It is important to note two things for the strict_mode = false option:

When using this option, there is no guarantee that the result is correct. This is because it's impossible to define what constitutes a “correct result” when parsing a non-standard CSV file.

DuckDB runs a best-effort parser, as it will try only fail if it encounters an error to which it can't find any reasonable guess of what the correct data should look like (e.g., imagine a column of integers, where some integers are represented as a spelled-out string, this will cause a casting error). While it is possible that, with a given combination of errors, our parser may still fail, we are striving to make it even more robust as we face the abyss.

Ignoring Errors

The other option suggested by the error message was to set ignore_errors = true. This option simply means that any rows which do not fit the chosen dialect or schema will be skipped from the result.

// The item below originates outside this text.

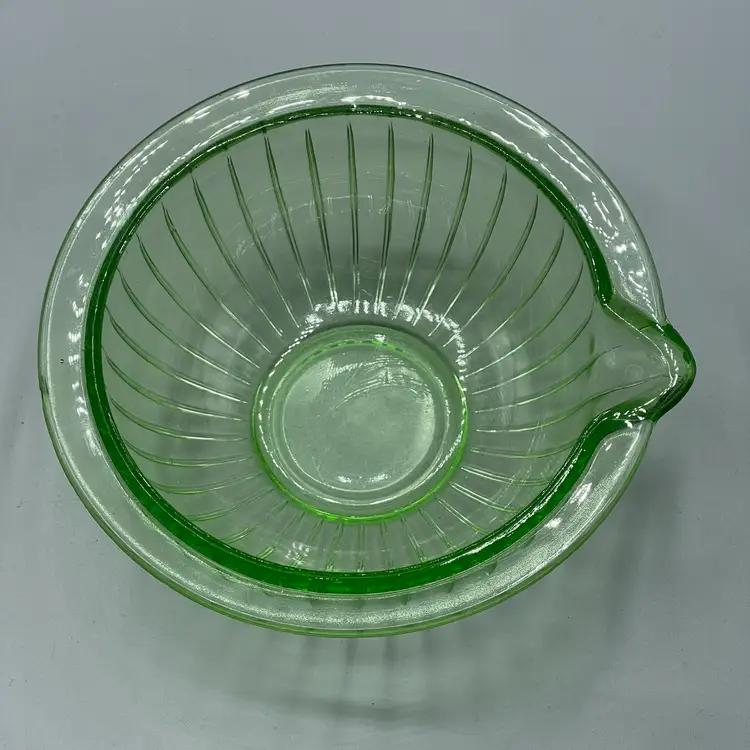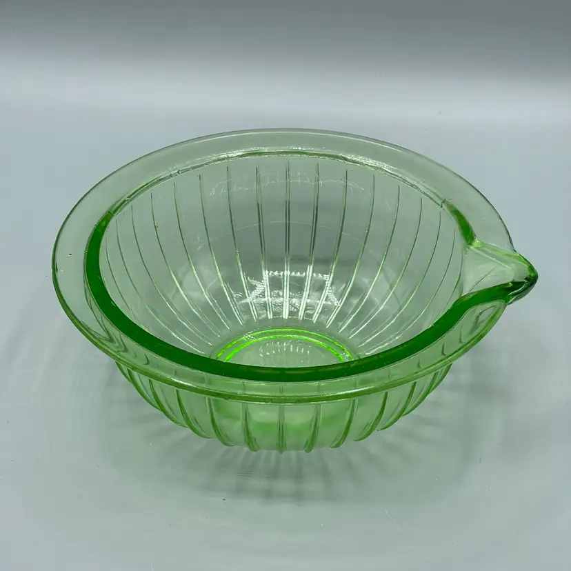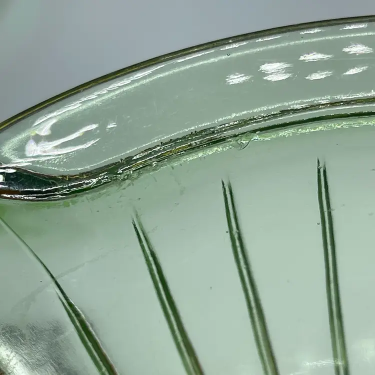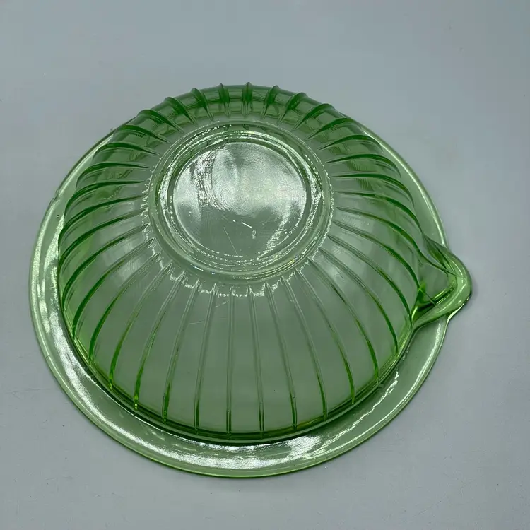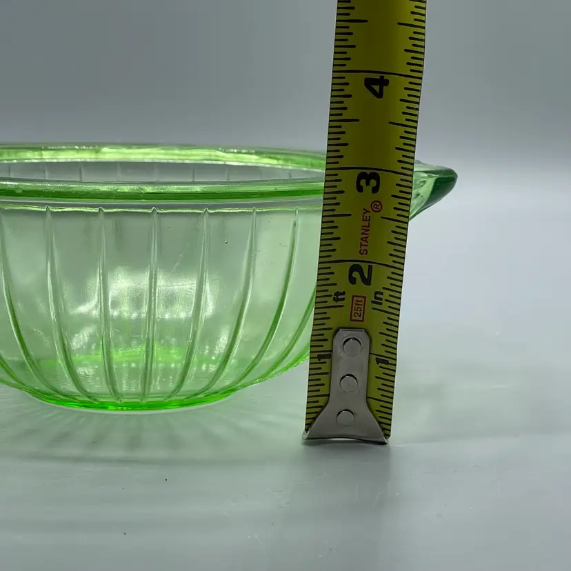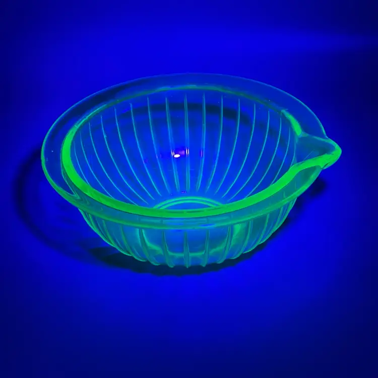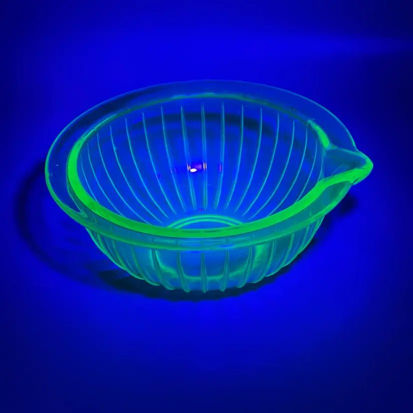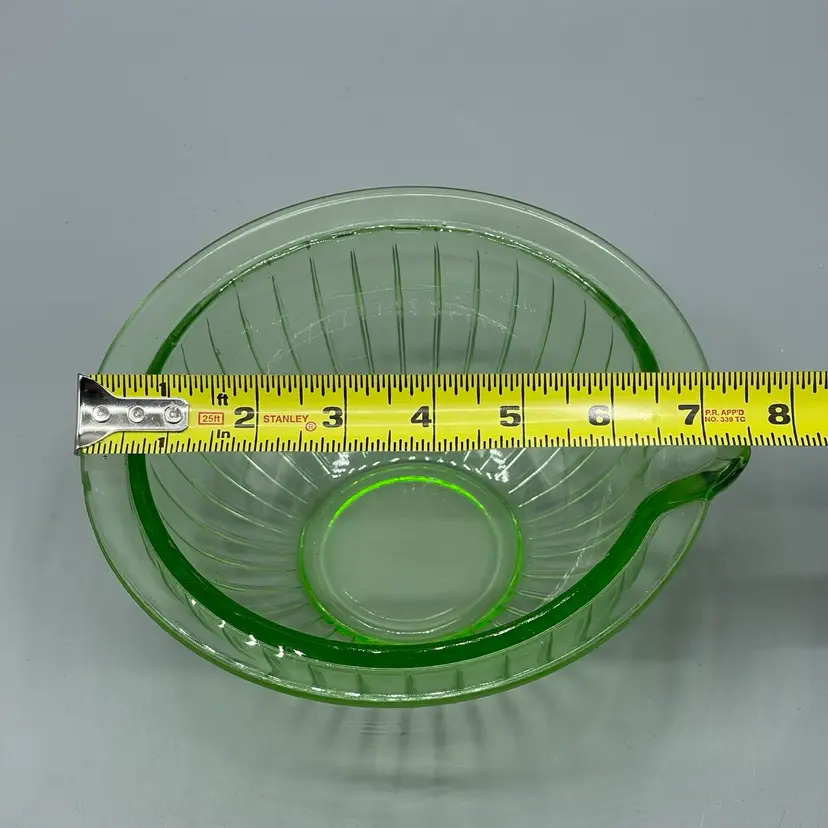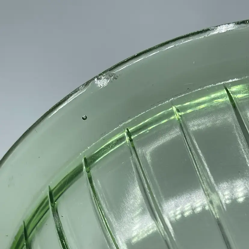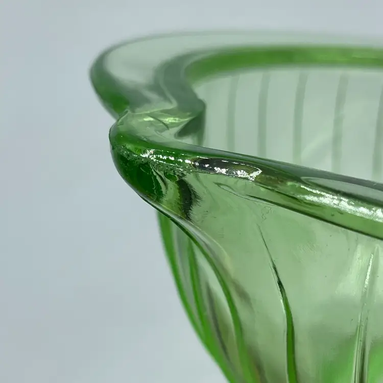 SOME CHIPS. Glows green under UV. About 7-1/2 inches across at widest and 2-7/8 inches tall.

In practice, if we add it to our query:

FROM read_csv('cafes.csv',
    auto_detect = false,
    header = true,
    strict_mode = false,
    delim = ',',
    quote = '"',
    escape = '"',
    columns = {'ZIP': 'INT16', 'Name': 'VARCHAR', 'Country': 'VARCHAR'},
    ignore_errors = true
);

We get an almost complete result! Only missing line number 4 1095,Joost since it is missing a column.

┌───────┬────────────────────────┬─────────────┐
│  ZIP  │          Name          │   Country   │
│ int16 │        varchar         │   varchar   │
├───────┼────────────────────────┼─────────────┤
│  1014 │ Cafe "Gedoogt"         │ Netherlands │
│  1015 │ Cafe De Tuin Amsterdam │ Netherlands │
│  1872 │ Cafe Gezellig          │ Netherlands │
└───────┴────────────────────────┴─────────────┘

The ignore_errors option also affects the sniffer's behavior, as it will ignore lines that produce errors during sniffing. In general, the configuration that results in the fewest errors will be preferred.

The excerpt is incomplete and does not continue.